U.S. Bankruptcy Court Judge Michael Wiles today approved Relativity’s agreement to sell its TV operations to a group of creditors, leaving film and other assets under CEO Ryan Kavanaugh’s control — at least for now. “There’s been an awful lot of work and days without sleep,” Wiles said. “Everybody appreciates it.”
In the deal he endorsed, TV — Relativity’s crown jewel — will go to creditor group known in the case as Stalking Horse Bidders which includes Cortland Capital, Anchorage Capital, Falcon Investment Advisors, and Luxor Capital. They agreed to forgive $125 million worth of debt in exchange for the properties.
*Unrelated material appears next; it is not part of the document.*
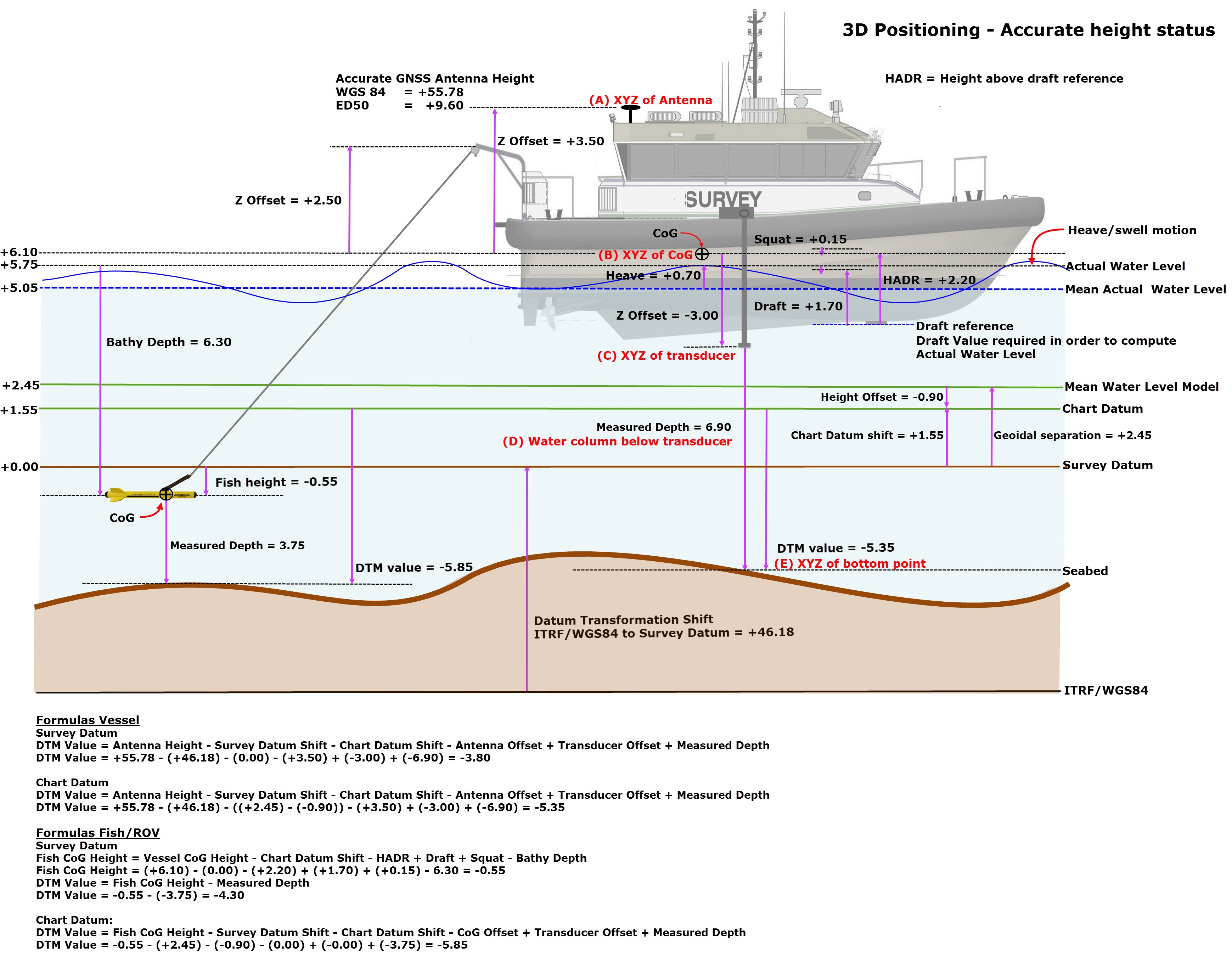 Now we know the position and height of the CoG, we also know the height of the echosounder tranducer (see 'C') (and all other sensor offsets) relative to the local datum.

The operation includes 435 shows such as CBS’ new Limitless (Relativity would “retain the right to receive 10% of producer fees”), Haywire (Relativity receives 50% of producer fees) and Act Of Valor (Relativity receives 10% of producer fees). Others on the list include CNN Heroes, Catfish, Cooking With Salt-N-Pepa, and My Teen Is Pregnant.
In addition, the negotiations conducted through the weekend enable Manchester Securities — the second biggest creditor after Cortland — to pay $35 million for Relativity’s $49.5 million debtor-in-possession financing agreement. It has “superpriority senior secured” status, meaning it would be first in line to be paid if the company runs into more trouble after emerging from Chapter 11 bankruptcy protection.
IATM objected to Relativity’s plan to sell the TV rights to Act Of Valor. The studio agreed to address the matter before October 14, when the court plans to hold a hearing to review contested matters before the deal closes. If all goes as planned, that will take place on October 20.
Yet to be determined is the fate of Relativity’s other assets including film. Kavanaugh and his partners including VII Peaks Capital, Joseph Nicholas, and OA3 say that they plan to raise $60 million to pay Relativity’s debt to Cortland. The studio adds that by January it will present a plan to the Bankruptcy Court to finance the ongoing operations.